Parmi les nombreuses spécificités de l’urbanisme olympique, on note notamment le raccourcissement des procédures pour tenir les délais, la création d’un permis dit “à double état” qui doit permettre à l’administration d’analyser le projet du village olympique et le projet post-JO, et des processus participatifs allégés. Si ces règles dérogatoires au droit commun permettent la construction de projets urbains importants en des temps records, elles favorisent cependant une fabrique technocratique et potentiellement traumatique de la ville. La mobilisation en avril contre la destruction des jardins ouvriers d’Aubervilliers, site du futur centre aquatique était venue étoffer la critique d’un urbanisme encore “tape à l’œil”, “à contre sens de l’histoire” et qui risquerait de devenir applicable à d’autres événements.
Conclusions
Finalement, au-delà du temps cours des olympiades, les enjeux globaux et locaux des JO tendent à impacter durablement la ville hôte. La promotion du sport et des valeurs associées s’accompagne généralement d’un développement de l’offre sportive sur le territoire. En outre, si les stratégies territoriales engagées par la ville hôte réussissent, les JO représentent un tremplin important pour le développement touristique, économique et urbain de la ville dans les années suivantes. Le village olympique, emblème urbain des Jeux, participe grandement à la construction de la réputation internationale de la ville hôte. Dans ces conditions, des moyens exceptionnels sont mis à la disposition des aménageurs, pour créer des morceaux de ville dans des temps records, mais aussi garantir leur intégration durable au-delà des JO.

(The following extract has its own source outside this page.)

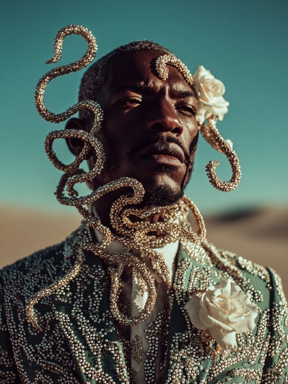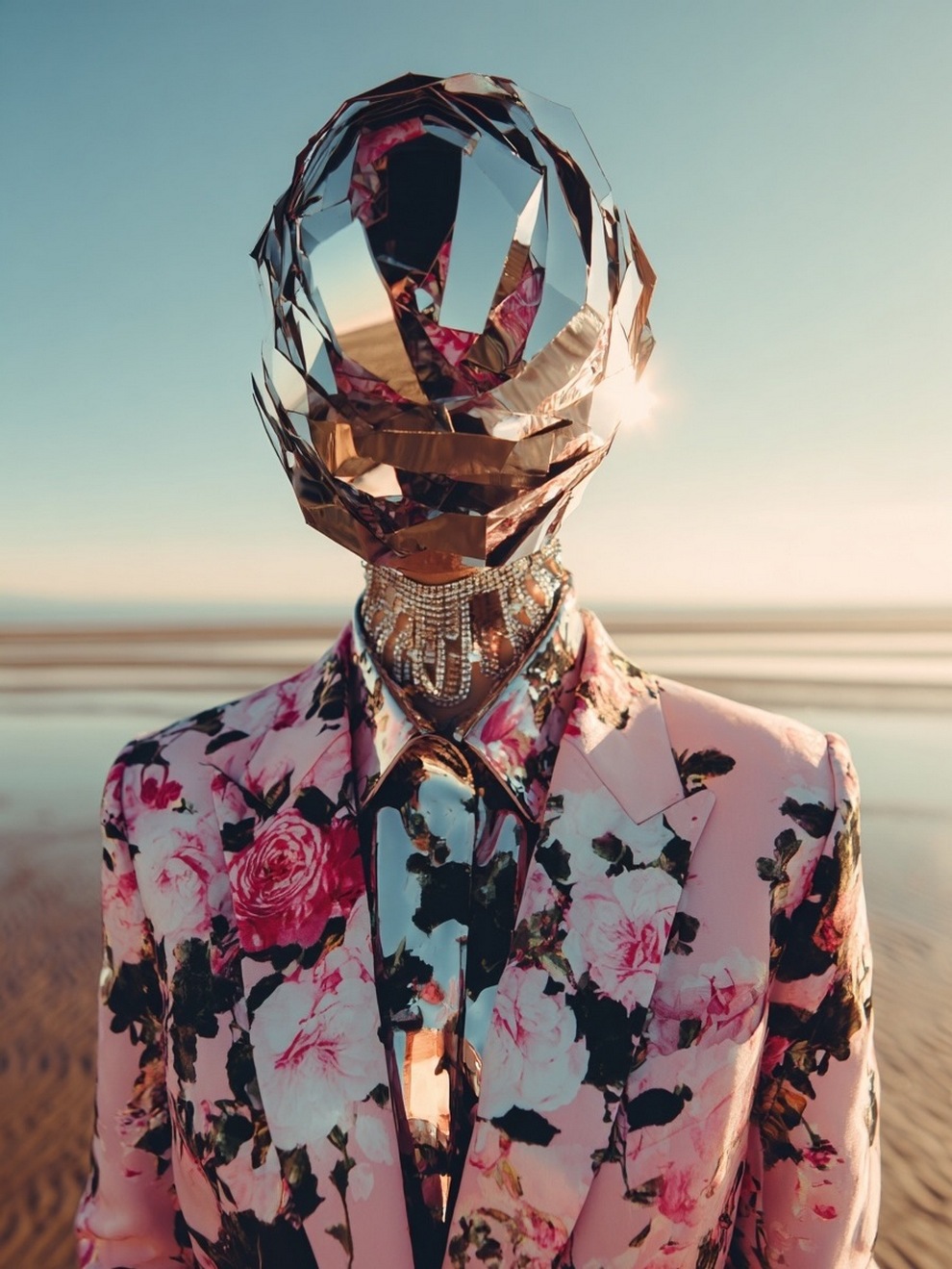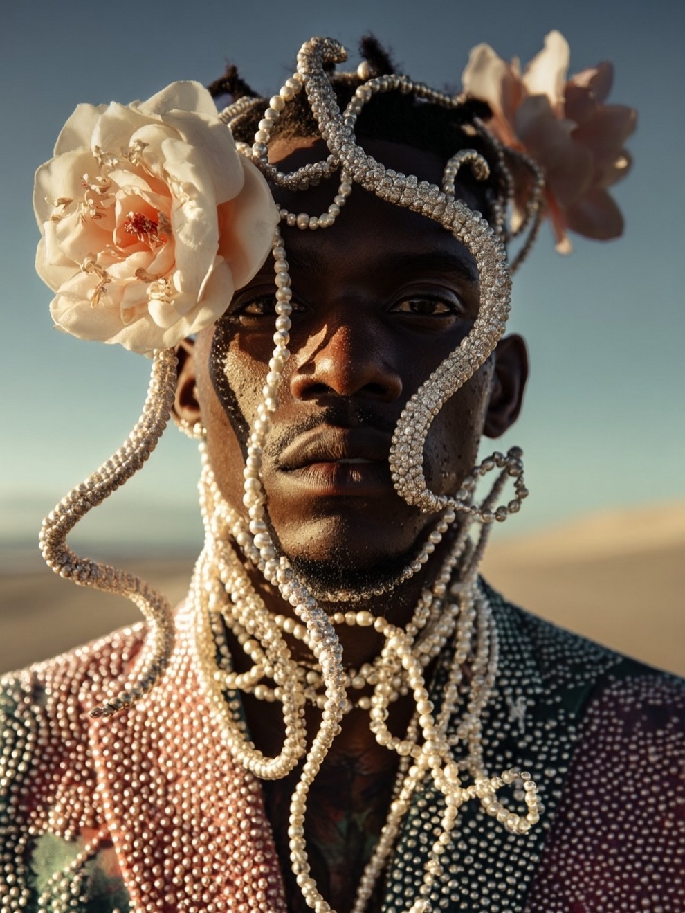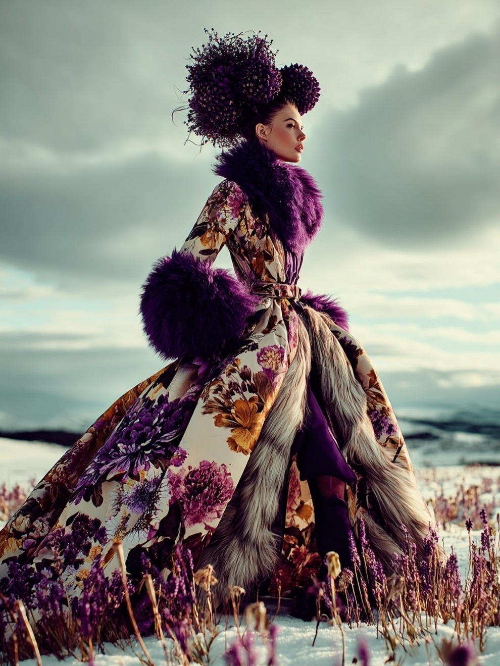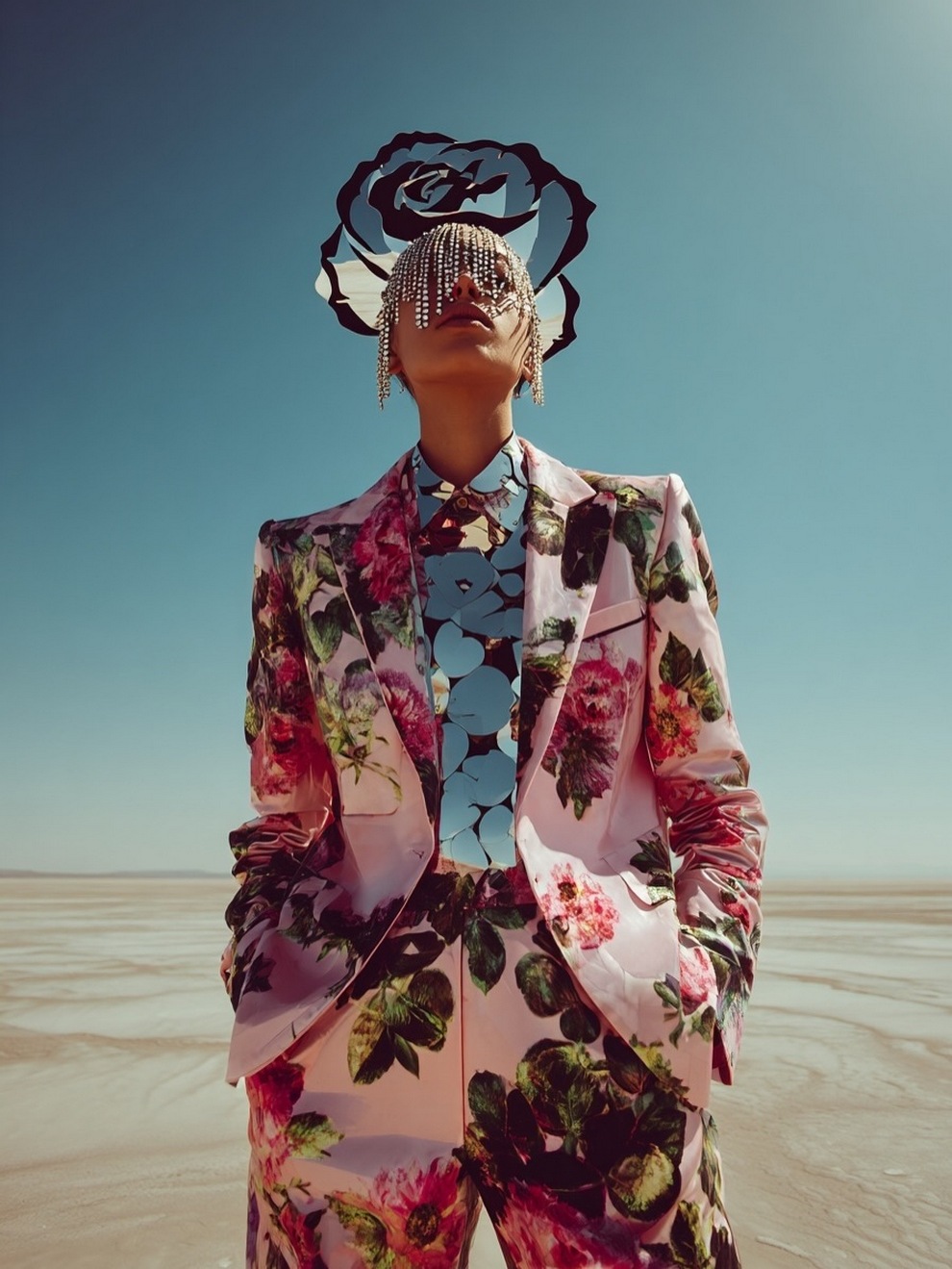 Paras’s artwork exists at the intersection of fashion, nature, and fantasy. She is best known for her “floral guardians” and surreal couture, where she drapes digital models in imagined garments made of cascading petals, metallic textures, or even mushroom frills. Her pieces often draw inspiration from the Mediterranean mood of her home in Cyprus, blending organic botanical shapes with avant-garde fashion concepts that deliberately defy the physical limitations of traditional photography.

Cependant, si la fabrique des villages olympiques est aujourd’hui renouvelée par les enjeux d’héritage et d’écologie, elle reste encore pour les habitants un processus de transformation rapide de leur environnement urbain, potentiellement traumatique. À ce titre, on peut questionner pour les prochaines années le ressenti des habitants de Saint-Ouen, Saint-Denis et Ile-Saint-Denis à qui on promet des infrastructures neuves : dans quelle mesure en disposent-ils vraiment ? Sachant qu’on sait déjà que les retombées réputationnelles des Jeux iront à Paris, ville, et certainement pas à ceux qu’on appelle trop souvent parisiens sans qu’ils bénéficient localement des aménités de la capitale.